The Swiss national team participated in the 2006 FIFA World Cup in Germany and were narrowly beaten by Ukraine on penalties in the round of 16. Switzerland co-hosted the UEFA Euro 2008 tournament together with Austria. They were eliminated in the group stage, although they did record a win against Portugal. The best international result was in 1954 when Switzerland, as the host, reached the quarter-finals of the World Cup. They also reached the World Cup quarter-finals in 1934 as well as 1938.

History

The first football club in Switzerland was the Lausanne Football and Cricket Club, founded in 1860 by English students. It was also the first football club created outside of England. The Swiss Football Association (ASF-SFV) is the highest body of professional football in Switzerland and was founded in 1895, although it joined the FIFA in 1904 and UEFA in 1954. The ASF-SFV organizes the Swiss Super League-the first and maximum league competition in the country- and the Swiss Cup, and manages the national men's and women's national team. Switzerland hosted the 1954 FIFA World Cup and, together with Austria, the UEFA Euro 2008.

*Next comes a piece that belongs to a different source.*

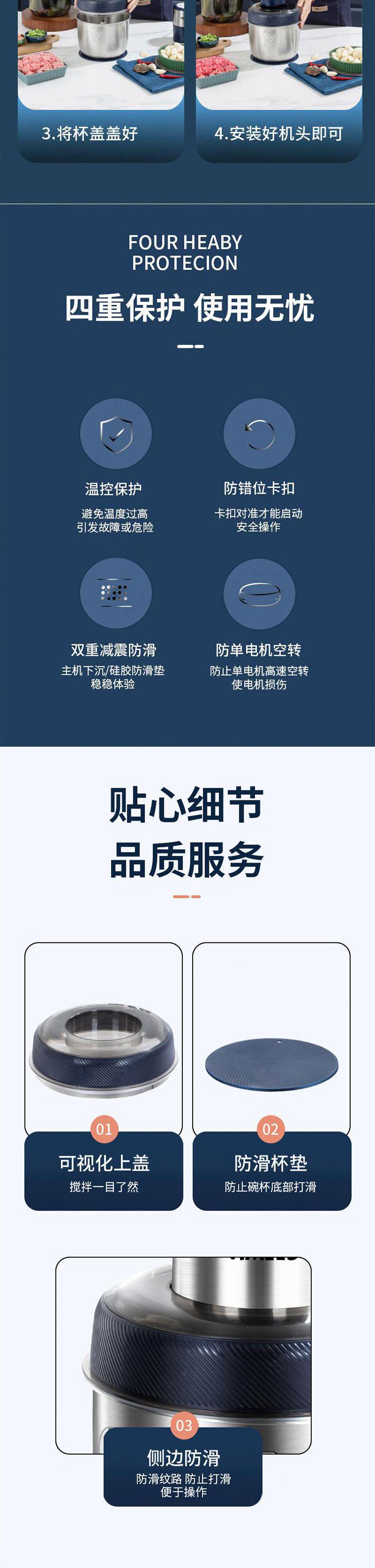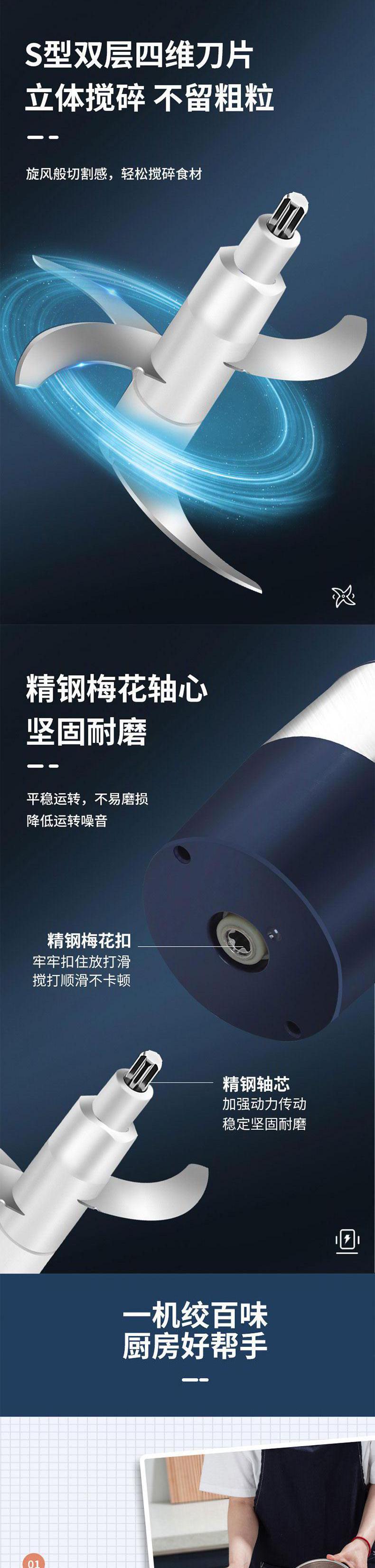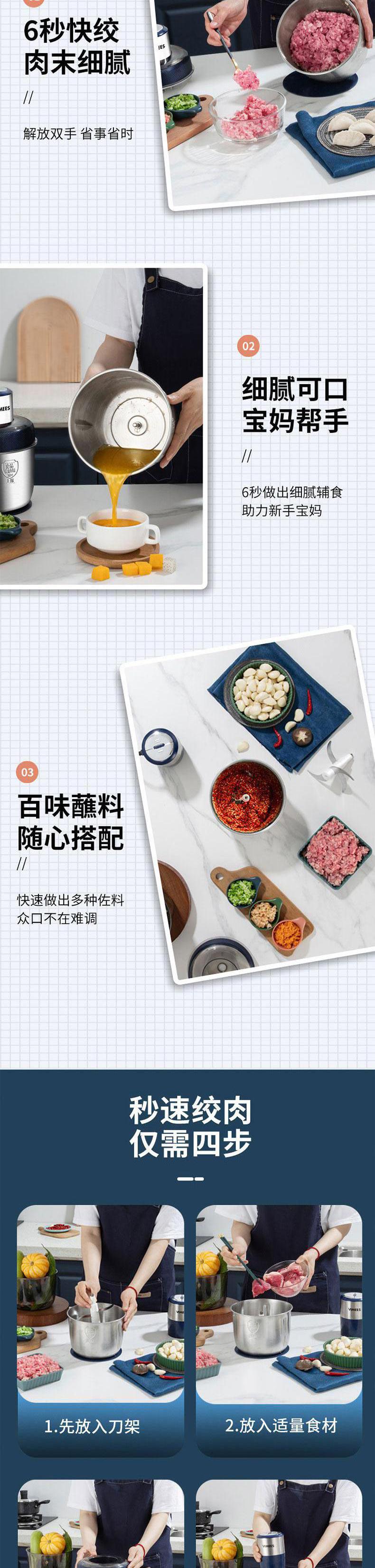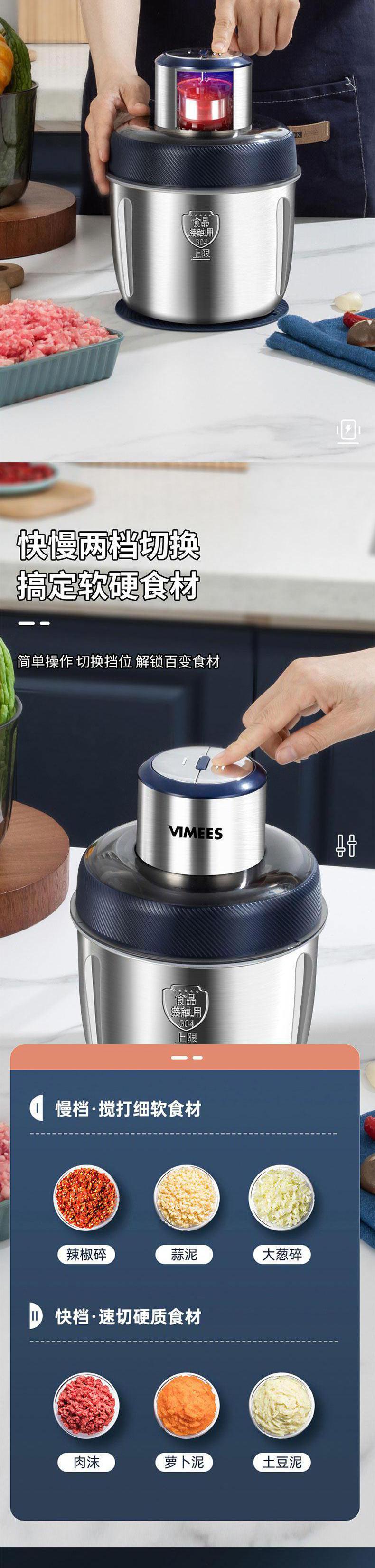 【自营】维米仕(vimees)套娃式绞肉机 辅食机3L蓝色 双杯 VM8011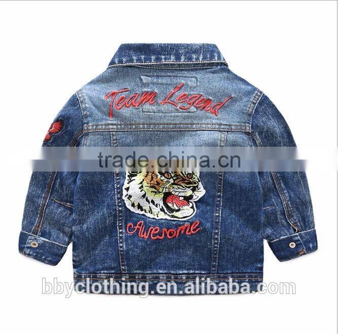 Fashion embroidered outerwear kids boys denim jackets in china

Swiss football competitions

Men's football

 Super League: is the first division of Swiss football. It was founded in 1897 and is composed of 10 clubs (12 in 2023–24). The five teams with the most titles are Grasshopper Club Zürich, FC Basel, Servette FC from Geneva, FC Zürich and BSC Young Boys from Bern.
 Challenge League: is the second division in the Swiss league system. It consists of 10 clubs, of which the champion is promoted directly to the Super League. As of 2019, the second plays the promotion playoffs with ninth place in the Super League.
 Promotion League: is the third division in the Swiss league system. There are 18 teams. The champion is promoted directly to Challenge League. The two last teams are relegated.
 1st League Classic: is the fourth division in the Swiss league system. 48 clubs are divided into three groups.
 2nd League Interregional: is the fifth division in the league system of Switzerland. 76 clubs are placed into five groups.
 2. Liga: is the sixth division in the Swiss league system, where 17 groups contain 215 clubs.
 3. Liga
 4. Liga
 5. Liga

Non-league competitions
 Swiss Cup: is the national cup of Swiss football, organized by the Swiss Football Association and whose champion qualifies for the UEFA Europa Conference League.
 Uhrencup
 Coppa delle Alpi

Women's football

The Swiss women's football championship is divided into 6 levels.
 Women's Super League, the top level women's league: Founded in 1970,  it was originally known as Nationalliga A, until 2020. Since its renaming, the format was also adapted to include a regular season and a play-off stage.
 Nationalliga B
 First League, divided into three groups
 Second League, six interregional groups of 10-12 teams
 Third and Fourth Leagues are divided by regions
 Swiss Women's Cup, first carried out in 1975

Swiss Clubs in European Competitions
Clubs of the Swiss Super League may qualify for UEFA competitions. Switzerland is currently ranked 14th in the UEFA ranking. As such, five teams are eligible to compete in European competitions, two each in the UEFA Champions League qualifier and the UEFA Europa Conference League qualifier, and the winner of the Swiss Cup enters qualification for the UEFA Europa League. 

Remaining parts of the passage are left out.